• Supplied material:

◇ ◇ ◇ ◇ ◇

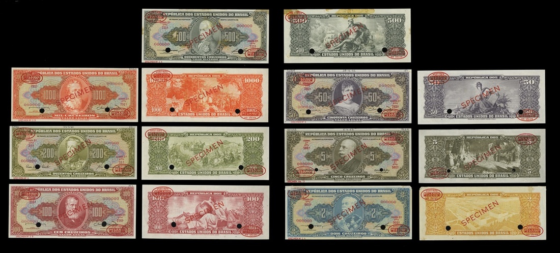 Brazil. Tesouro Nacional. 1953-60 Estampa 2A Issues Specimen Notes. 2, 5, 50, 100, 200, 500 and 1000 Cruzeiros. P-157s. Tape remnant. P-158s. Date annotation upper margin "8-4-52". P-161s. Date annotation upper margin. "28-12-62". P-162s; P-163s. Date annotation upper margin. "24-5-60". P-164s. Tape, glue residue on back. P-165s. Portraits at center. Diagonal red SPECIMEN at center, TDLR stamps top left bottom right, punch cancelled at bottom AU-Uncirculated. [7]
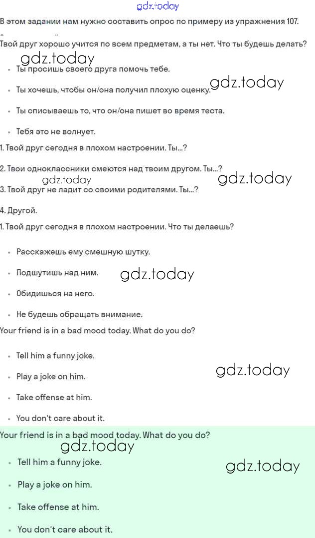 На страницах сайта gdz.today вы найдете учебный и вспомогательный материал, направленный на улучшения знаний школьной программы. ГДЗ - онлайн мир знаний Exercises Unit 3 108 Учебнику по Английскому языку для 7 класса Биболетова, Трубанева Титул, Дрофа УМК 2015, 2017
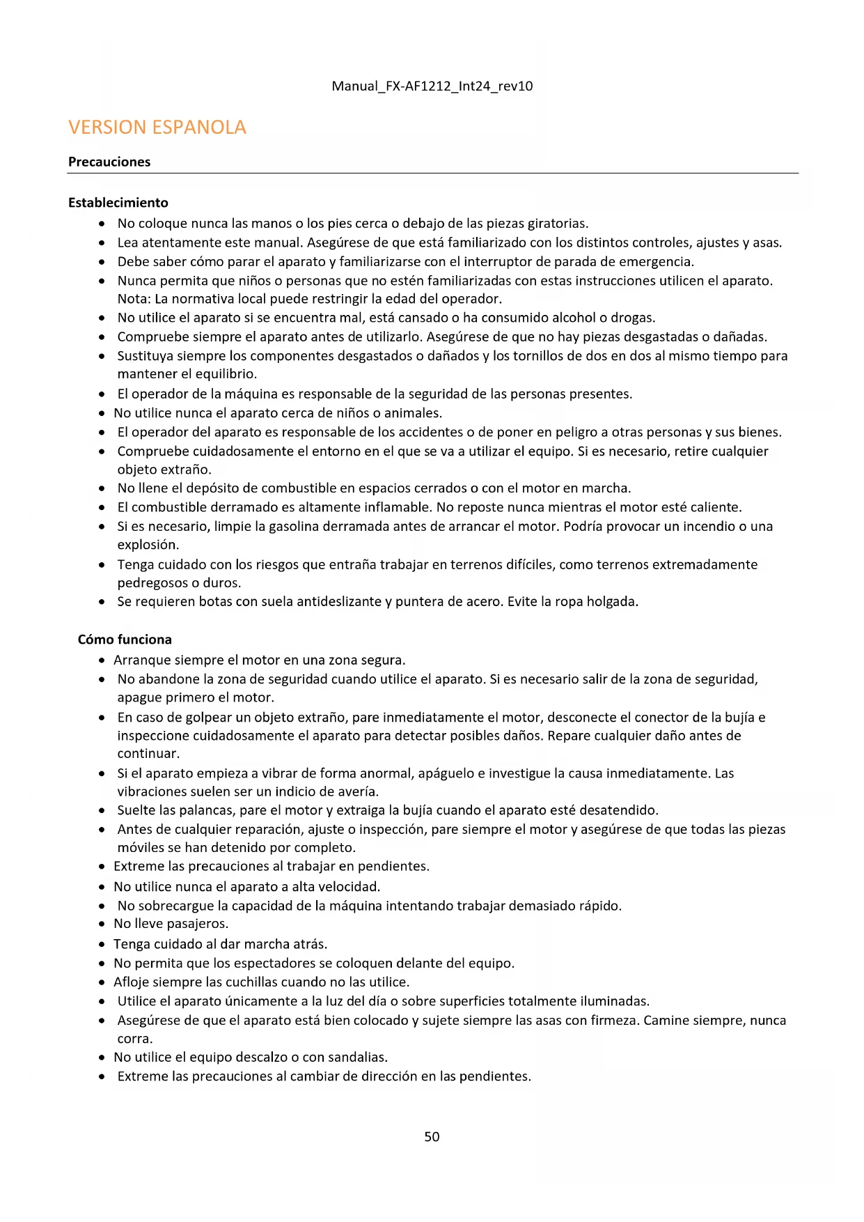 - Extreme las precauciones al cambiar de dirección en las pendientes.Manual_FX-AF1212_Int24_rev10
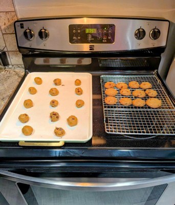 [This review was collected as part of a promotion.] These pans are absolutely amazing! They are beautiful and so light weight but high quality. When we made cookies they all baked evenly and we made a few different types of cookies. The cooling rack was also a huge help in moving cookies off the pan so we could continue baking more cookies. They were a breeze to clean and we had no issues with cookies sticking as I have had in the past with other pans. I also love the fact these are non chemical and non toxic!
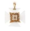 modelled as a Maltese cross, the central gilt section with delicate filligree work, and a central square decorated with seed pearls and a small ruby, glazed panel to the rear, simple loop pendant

◇ ◇ ◇ ◇ ◇

• What needs to be done: Copy the entries exactly. No pictures.

• Finished exercise:
 Brazil. Tesouro Nacional. 1953-60 Estampa 2A Issues Specimen Notes. 2, 5, 50, 100, 200, 500 and 1000 Cruzeiros. P-157s. Tape remnant. P-158s. Date annotation upper margin "8-4-52". P-161s. Date annotation upper margin. "28-12-62". P-162s; P-163s. Date annotation upper margin. "24-5-60". P-164s. Tape, glue residue on back. P-165s. Portraits at center. Diagonal red SPECIMEN at center, TDLR stamps top left bottom right, punch cancelled at bottom AU-Uncirculated. [7]
 На страницах сайта gdz.today вы найдете учебный и вспомогательный материал, направленный на улучшения знаний школьной программы. ГДЗ - онлайн мир знаний Exercises Unit 3 108 Учебнику по Английскому языку для 7 класса Биболетова, Трубанева Титул, Дрофа УМК 2015, 2017
 - Extreme las precauciones al cambiar de dirección en las pendientes.Manual_FX-AF1212_Int24_rev10
 [This review was collected as part of a promotion.] These pans are absolutely amazing! They are beautiful and so light weight but high quality. When we made cookies they all baked evenly and we made a few different types of cookies. The cooling rack was also a huge help in moving cookies off the pan so we could continue baking more cookies. They were a breeze to clean and we had no issues with cookies sticking as I have had in the past with other pans. I also love the fact these are non chemical and non toxic!
 modelled as a Maltese cross, the central gilt section with delicate filligree work, and a central square decorated with seed pearls and a small ruby, glazed panel to the rear, simple loop pendant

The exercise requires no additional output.